Curiosity didn't kill the cat
Curiosity didn't kill the cat
“The important thing is not to stop questioning. Curiosity has its reason for existing” -Albert Einstein
We’re no strangers to the phrase “curiosity killed the cat.” It’s used across the board to keep away inquisitive toddlers or to ward off curious individuals yearning beyond the box. Yet, many of us, including those who use it, are not aware of the entire statement. Although it may be used to debunk curious individuals, the rest of the statement encourages curiosity! It goes, “curiosity killed the cat, but satisfaction bought it back.”
Curiosity is the key element that makes you learn effectively and efficiently. In every class, at every level of learning, even beyond schools into organizations, curiosity is that one trait with which you can’t go wrong.
A mind that is not curious is right for nothing. Without curiosity, Isaac Newton would have never framed the existing laws of Physics, which gave birth to the tremendous growth of science and technology. Imagine if Newton had eaten that apple instead of questioning why it fell.

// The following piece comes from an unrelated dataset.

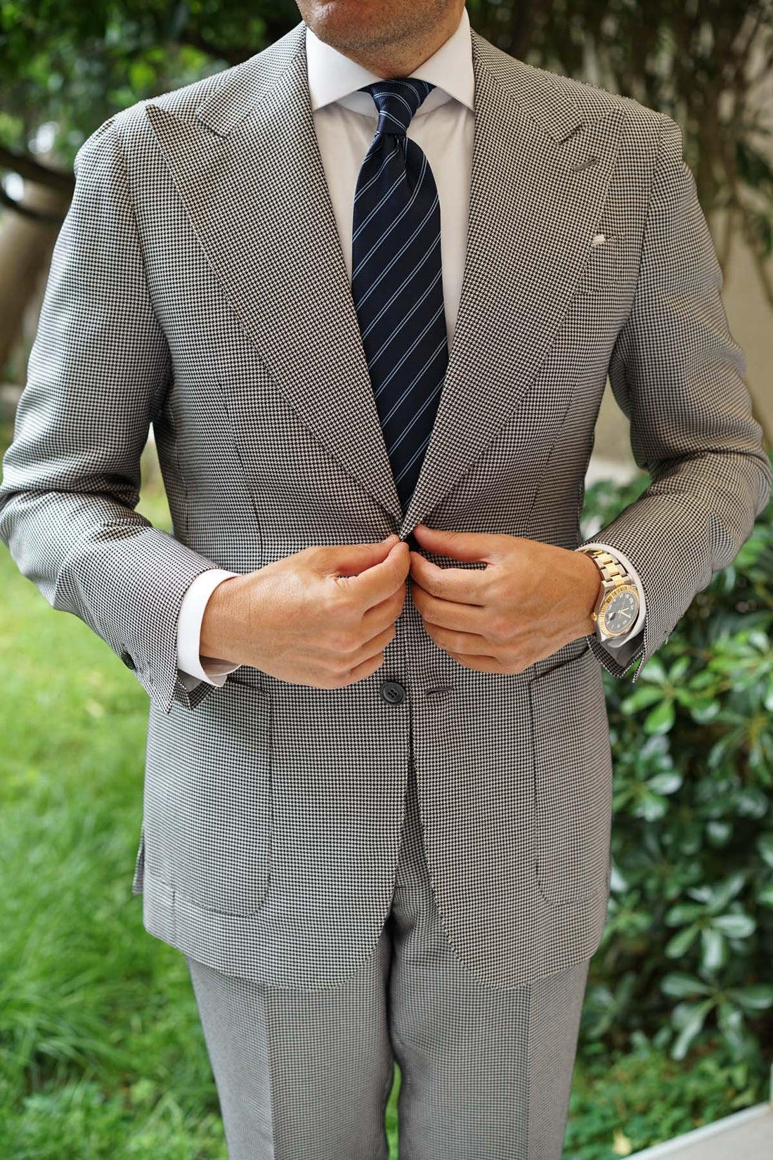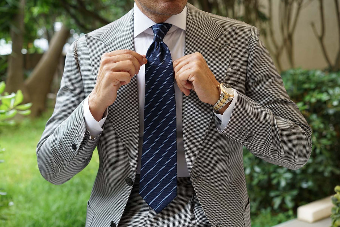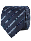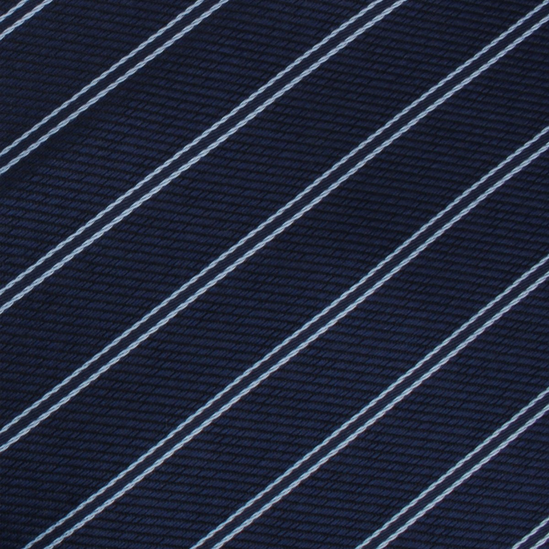 The Brooklyn Navy Blue Necktie gives a humble accent of functional elegance. Two sky blue streaks run diagonally across the body of the necktie like the wake of a sailboat on the surface of the ocean, captured in birds-eye view at the end of an action film as the heroes make off with the treasure.
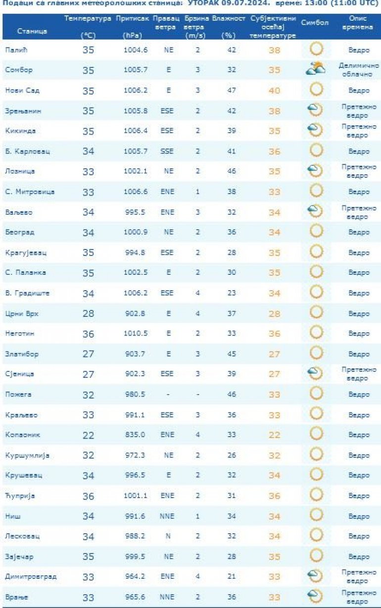 Најтоплији градови тренутно су Неготин и Ћуприја. Према подацима Републичког хидрометеоролошког завода (РХМЗ), у њима је у 13 часова измерено чак 36 степени. За њима следе Палић, Сомбор, Нови Сад, Зрењанин, Кикинда, Крагујевац, Зајечар и Смедеревска Паланка, где се жива у термометру попела на 35 поделак.

“I think, at a child’s birth, if a mother could ask a fairy godmother to endow it with the most useful gift, that gift would be curiosity.” -Eleanor Roosevelt
Your brain fancies curiosity
Researchers from the University of California performed a series of experiments to find out how the mind reacts when it is aroused with curiosity. Participants were asked to rate how curious they felt while encountering questions such as, “What does the word dinosaur mean?” In some instances, MRI’s were conducted to monitor the functions going on inside the brain when it is being aroused with curiosity.
The studies concluded two points:
Curiosity formulates the brain to learn
It is not shocking to know that we are inclined to learn information and remember it for a more extended period if we find it fascinating. At times curiosity leads us to learn irrelevant details that we did not consider necessary at one point. One of the authors of the study, Dr. Matthias, says that the results of the study suggest that curiosity is just like a vortex; it absorbs what interests us and everything else around it. The information that is learned while being curious has a higher rate of being retained for a more extended period.
If a student is uninterested in the subject of history, making them curious through their topics of interest could help them retain critical information.
Curiosity makes the experience of learning more satisfying
According to the study, curiosity not only sparked arousal in the hippocampus section of the brain, which deals with all the functionalities of creating memories but also the region, which was related to pleasure and reward. This is the region that makes us feel good when we watch a thrilling movie or listen to a fantastic song. Curiosity releases dopamine, which makes us a person feel happy.
Curiosity rover on mars
Even the famous rover who was released on planet Mars by NASA has been named curiosity because it is there to discover the geography, surroundings, climate, and atmosphere of the named planet.
Curiosity is a necessary human trait that makes us human beings distinct from the other species around the world, and something which should be encouraged at all platforms.